- _EXERCISE OBJECTIVE_: With the images excluded, set down every line of the listing below exactly.

- _COLLECTED DATA_:
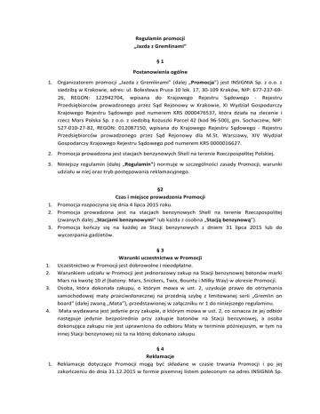 Regulamin promocji „Jazda z Gremlinami” § 1 Postanowienia ogólne 1. Organizatorem promocji „Jazda z Gremlinami” (dalej „Promocja”) jest INSIGNIA Sp. z o.o. z siedzibą w Krakowie, adres: ul. Bolesława Prusa 10 lok. 17, 30-‐109 Kraków, NIP: 677-‐237-‐69-‐ 26, REGON: 122942704, wpisana do Krajowego Rejestru Sądowego -‐ Rejestru Przedsiębiorców prowadzonego przez Sąd Rejonowy w Krakowie, XI Wydział Gospodarczy Krajowego Rejestru Sądowego pod numerem KRS 0000476537, która działa na zlecenie i rzecz Mars Polska Sp. z o.o. z siedzibą Kożuszki Parcel 42 (kod 96-‐500), gm. Sochaczew, NIP: 527-‐010-‐27-‐82, REGON: 012087150, wpisana do Krajowego Rejestru Sądowego -‐ Rejestru Przedsiębiorców prowadzonego przez Sąd Rejonowy dla M.St. Warszawy, XIV Wydział Gospodarczy Krajowego Rejestru Sądowego pod numerem KRS 0000016627. 2. Promocja prowadzona jest stacjach benzynowych Shell na terenie Rzeczpospolitej Polskiej. 3. Niniejszy regulamin (dalej „Regulamin") normuje w szczególności zasady Promocji, warunki udziału w niej oraz tryb postępowania reklamacyjnego. 1. 2. 3. 1. 2. 3. 4. 1. §2 Czas i miejsce prowadzenia Promocji Promocja rozpoczyna się dnia 4 lipca 2015 roku. Promocja prowadzona jest na stacjach benzynowych Shell na terenie Rzeczpospolitej (zwanych dalej „Stacjami benzynowymi” lub każda z osobna „Stacją benzynową”). Promocja kończy się na każdej ze Stacji benzynowych z dniem 31 lipca 2015 lub do wyczerpania gadżetów. § 3 Warunki uczestnictwa w Promocji Uczestnictwo w Promocji jest dobrowolne i nieodpłatne. Warunkiem udziału w Promocji jest jednorazowy zakup na Stacji benzynowej batonów marki Mars na kwotę 10 zł (batony: Mars, Snickers, Twix, Bounty i Milky Way) w okresie Promocji. Osoba, która dokonała zakupu, o którym mowa w ust. 2, uzyskuje prawo do otrzymania samochodowej maty przeciwsłonecznej na przednią szybę z limitowanej serii „Gremlin on board” (dalej zwaną „Mata”), przedstawionej w załączniku nr 1 do niniejszego regulaminu. Mata wydawana jest jedynie przy zakupie, o którym mowa w ust. 2, co oznacza że jej odbiór następuje jedynie bezpośrednio przy zakupie batonów na Stacji benzynowej, a osoba dokonująca zakupu nie jest uprawniona do odbioru Maty w terminie późniejszym, w tym na innej Stacji benzynowej niż ta na której dokonano zakupu. § 4 Reklamacje Reklamacje dotyczące Promocji mogą być składane w czasie trwania Promocji i po jej zakończeniu do dnia 31.12.2015 w formie pisemnej listem poleconym na adres INSIGNIA Sp. 2. 3. 4. 5. 6. 7. z o.o. z siedzibą w Krakowie, ul. Bolesława Prusa 10 lok. 17, 30-‐109 Kraków z dopiskiem „Jazda z Gremlinami” lub mailowo na adres e-‐mail: [email protected] . O zachowaniu terminu, o którym mowa w zdaniu poprzednim decyduje data wpływu reklamacji do Organizatora. Reklamacje wpływające po terminie określonym powyżej w ust. 1 nie będą rozpatrywane. Reklamacje winny zawierać imię, nazwisko i adres korespondencyjny zgłaszającego oraz zwięzłe wskazanie przyczyn reklamacji. Skutecznie złożone reklamacje będą rozpatrywane w terminie 21 dni od daty ich otrzymania, a zgłaszający reklamację zostanie powiadomiony o sposobie rozpatrzenia reklamacji na podany adres e-‐mail lub listem poleconym. Regulamin jest dostępny na Stacjach benzynowych oraz w siedzibie Organizatora. Organizator zastrzega sobie prawo dokonywania modyfikacji postanowień Regulaminu, o ile zmiany te nie wpływają niekorzystnie na prawa już nabyte w Promocji. Wszelkie informacje na temat Promocji można uzyskać kontaktując się z Organizatorem pod adresem e-‐mail : [email protected]. Załącznik nr. 1 – samochodowa mata przeciwsłoneczna na przednią szybę
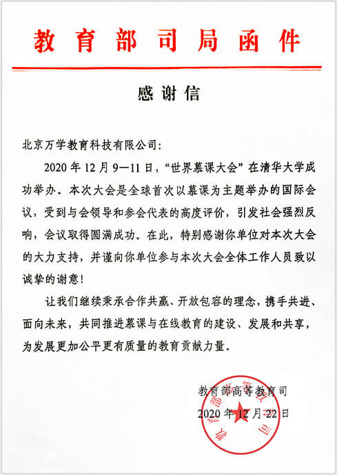 • 万学由于在配合教育部世界慕课大会的工作中做出了重要贡献,获得教育部重磅感谢信。
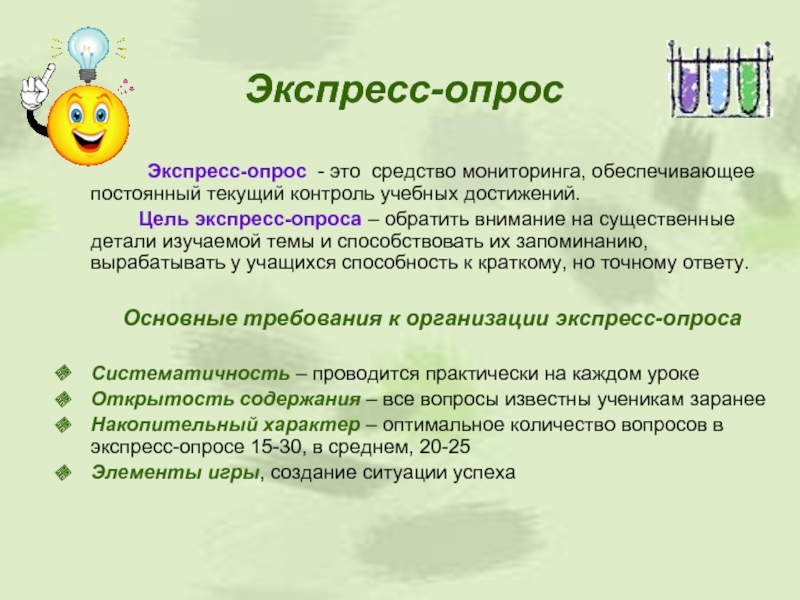Цель экспресс-опроса – обратить внимание на существенные детали изучаемой темы и способствовать их запоминанию, вырабатывать у учащихся способность к краткому, но точному ответу.
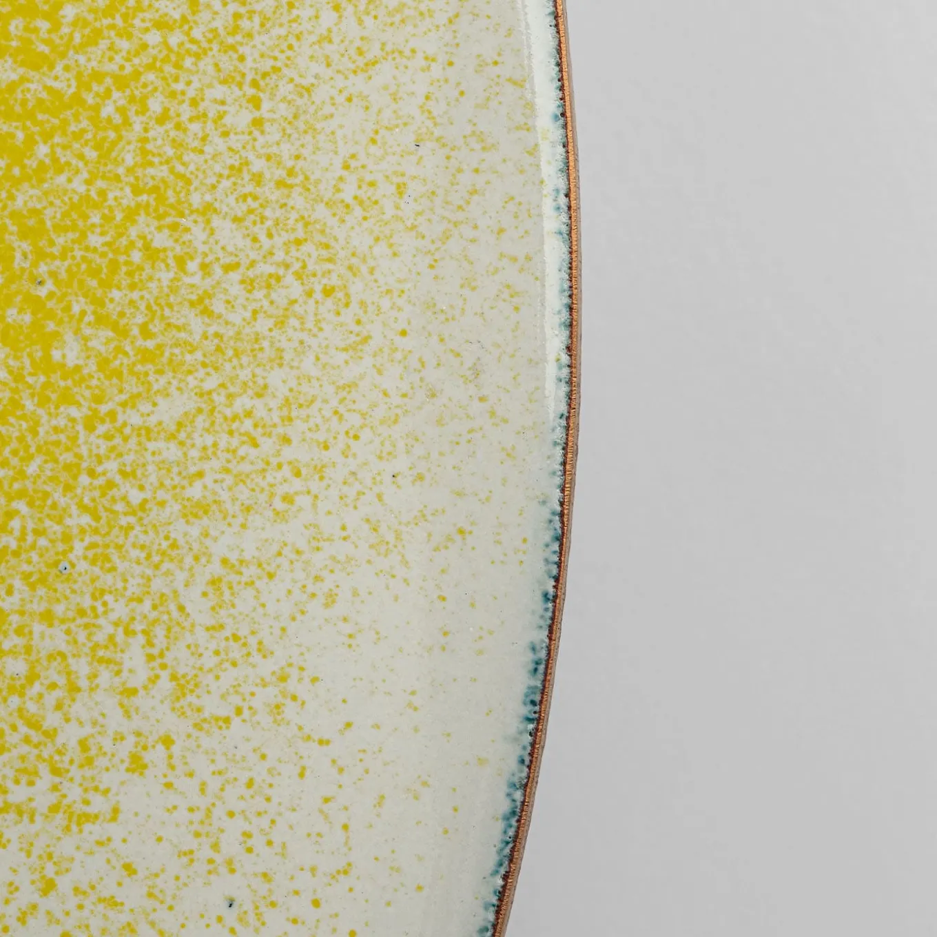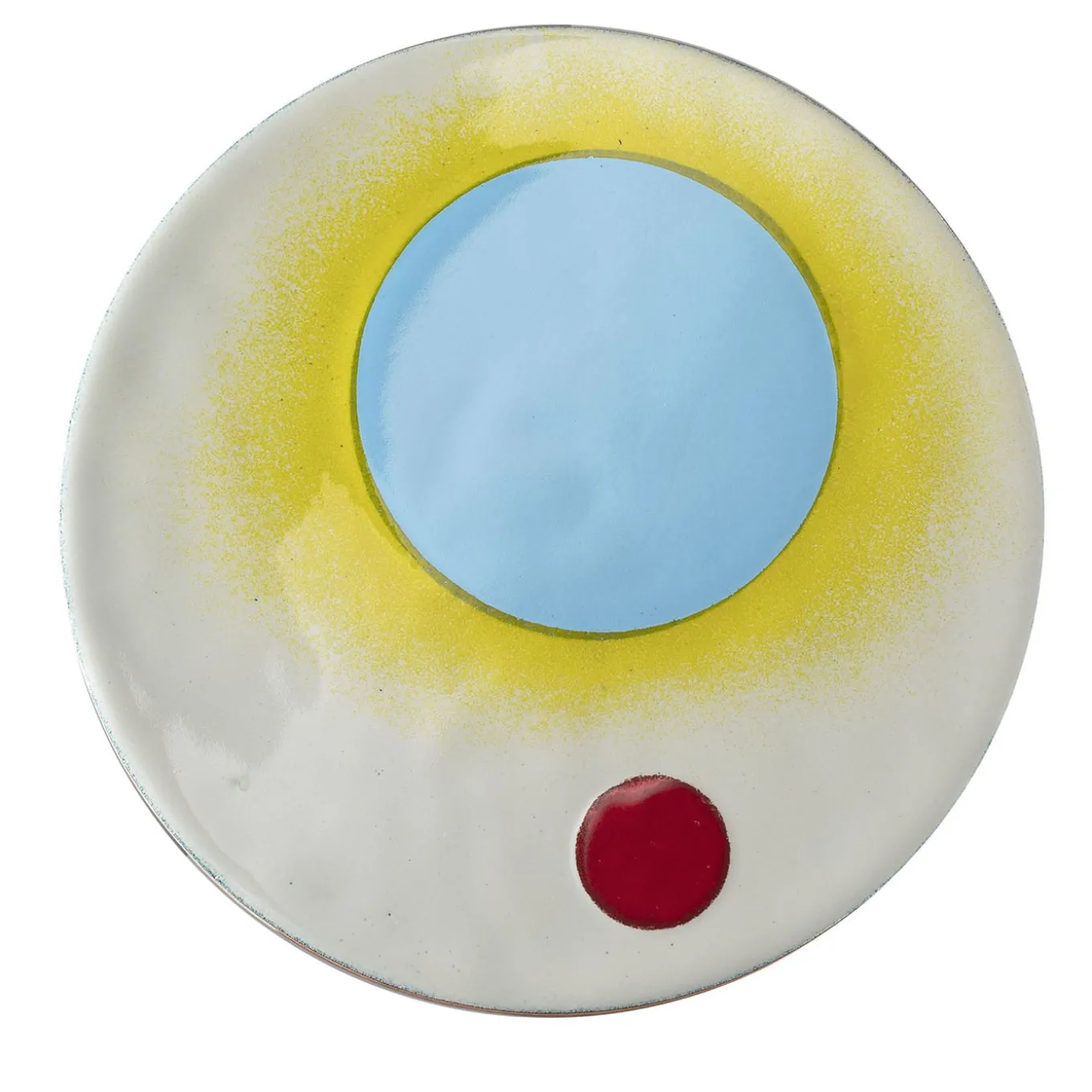 Collezione di piatti decorativi realizzati con la tecnica dello smalto a fuoco su rame. I colori e i motivi derivano da una visita al Guggenheim Museum di New York, mentre la tecnica è un omaggio al design italiano degli anni Cinquanta, Sessanta e Settanta. Il retro è smaltato e rivestito in pelle marrone scuro cucita a mano.

- _REPLY TO THE TASK_:
 Regulamin promocji „Jazda z Gremlinami” § 1 Postanowienia ogólne 1. Organizatorem promocji „Jazda z Gremlinami” (dalej „Promocja”) jest INSIGNIA Sp. z o.o. z siedzibą w Krakowie, adres: ul. Bolesława Prusa 10 lok. 17, 30-‐109 Kraków, NIP: 677-‐237-‐69-‐ 26, REGON: 122942704, wpisana do Krajowego Rejestru Sądowego -‐ Rejestru Przedsiębiorców prowadzonego przez Sąd Rejonowy w Krakowie, XI Wydział Gospodarczy Krajowego Rejestru Sądowego pod numerem KRS 0000476537, która działa na zlecenie i rzecz Mars Polska Sp. z o.o. z siedzibą Kożuszki Parcel 42 (kod 96-‐500), gm. Sochaczew, NIP: 527-‐010-‐27-‐82, REGON: 012087150, wpisana do Krajowego Rejestru Sądowego -‐ Rejestru Przedsiębiorców prowadzonego przez Sąd Rejonowy dla M.St. Warszawy, XIV Wydział Gospodarczy Krajowego Rejestru Sądowego pod numerem KRS 0000016627. 2. Promocja prowadzona jest stacjach benzynowych Shell na terenie Rzeczpospolitej Polskiej. 3. Niniejszy regulamin (dalej „Regulamin") normuje w szczególności zasady Promocji, warunki udziału w niej oraz tryb postępowania reklamacyjnego. 1. 2. 3. 1. 2. 3. 4. 1. §2 Czas i miejsce prowadzenia Promocji Promocja rozpoczyna się dnia 4 lipca 2015 roku. Promocja prowadzona jest na stacjach benzynowych Shell na terenie Rzeczpospolitej (zwanych dalej „Stacjami benzynowymi” lub każda z osobna „Stacją benzynową”). Promocja kończy się na każdej ze Stacji benzynowych z dniem 31 lipca 2015 lub do wyczerpania gadżetów. § 3 Warunki uczestnictwa w Promocji Uczestnictwo w Promocji jest dobrowolne i nieodpłatne. Warunkiem udziału w Promocji jest jednorazowy zakup na Stacji benzynowej batonów marki Mars na kwotę 10 zł (batony: Mars, Snickers, Twix, Bounty i Milky Way) w okresie Promocji. Osoba, która dokonała zakupu, o którym mowa w ust. 2, uzyskuje prawo do otrzymania samochodowej maty przeciwsłonecznej na przednią szybę z limitowanej serii „Gremlin on board” (dalej zwaną „Mata”), przedstawionej w załączniku nr 1 do niniejszego regulaminu. Mata wydawana jest jedynie przy zakupie, o którym mowa w ust. 2, co oznacza że jej odbiór następuje jedynie bezpośrednio przy zakupie batonów na Stacji benzynowej, a osoba dokonująca zakupu nie jest uprawniona do odbioru Maty w terminie późniejszym, w tym na innej Stacji benzynowej niż ta na której dokonano zakupu. § 4 Reklamacje Reklamacje dotyczące Promocji mogą być składane w czasie trwania Promocji i po jej zakończeniu do dnia 31.12.2015 w formie pisemnej listem poleconym na adres INSIGNIA Sp. 2. 3. 4. 5. 6. 7. z o.o. z siedzibą w Krakowie, ul. Bolesława Prusa 10 lok. 17, 30-‐109 Kraków z dopiskiem „Jazda z Gremlinami” lub mailowo na adres e-‐mail: [email protected] . O zachowaniu terminu, o którym mowa w zdaniu poprzednim decyduje data wpływu reklamacji do Organizatora. Reklamacje wpływające po terminie określonym powyżej w ust. 1 nie będą rozpatrywane. Reklamacje winny zawierać imię, nazwisko i adres korespondencyjny zgłaszającego oraz zwięzłe wskazanie przyczyn reklamacji. Skutecznie złożone reklamacje będą rozpatrywane w terminie 21 dni od daty ich otrzymania, a zgłaszający reklamację zostanie powiadomiony o sposobie rozpatrzenia reklamacji na podany adres e-‐mail lub listem poleconym. Regulamin jest dostępny na Stacjach benzynowych oraz w siedzibie Organizatora. Organizator zastrzega sobie prawo dokonywania modyfikacji postanowień Regulaminu, o ile zmiany te nie wpływają niekorzystnie na prawa już nabyte w Promocji. Wszelkie informacje na temat Promocji można uzyskać kontaktując się z Organizatorem pod adresem e-‐mail : [email protected]. Załącznik nr. 1 – samochodowa mata przeciwsłoneczna na przednią szybę
 • 万学由于在配合教育部世界慕课大会的工作中做出了重要贡献,获得教育部重磅感谢信。
Цель экспресс-опроса – обратить внимание на существенные детали изучаемой темы и способствовать их запоминанию, вырабатывать у учащихся способность к краткому, но точному ответу.
 Collezione di piatti decorativi realizzati con la tecnica dello smalto a fuoco su rame. I colori e i motivi derivano da una visita al Guggenheim Museum di New York, mentre la tecnica è un omaggio al design italiano degli anni Cinquanta, Sessanta e Settanta. Il retro è smaltato e rivestito in pelle marrone scuro cucita a mano.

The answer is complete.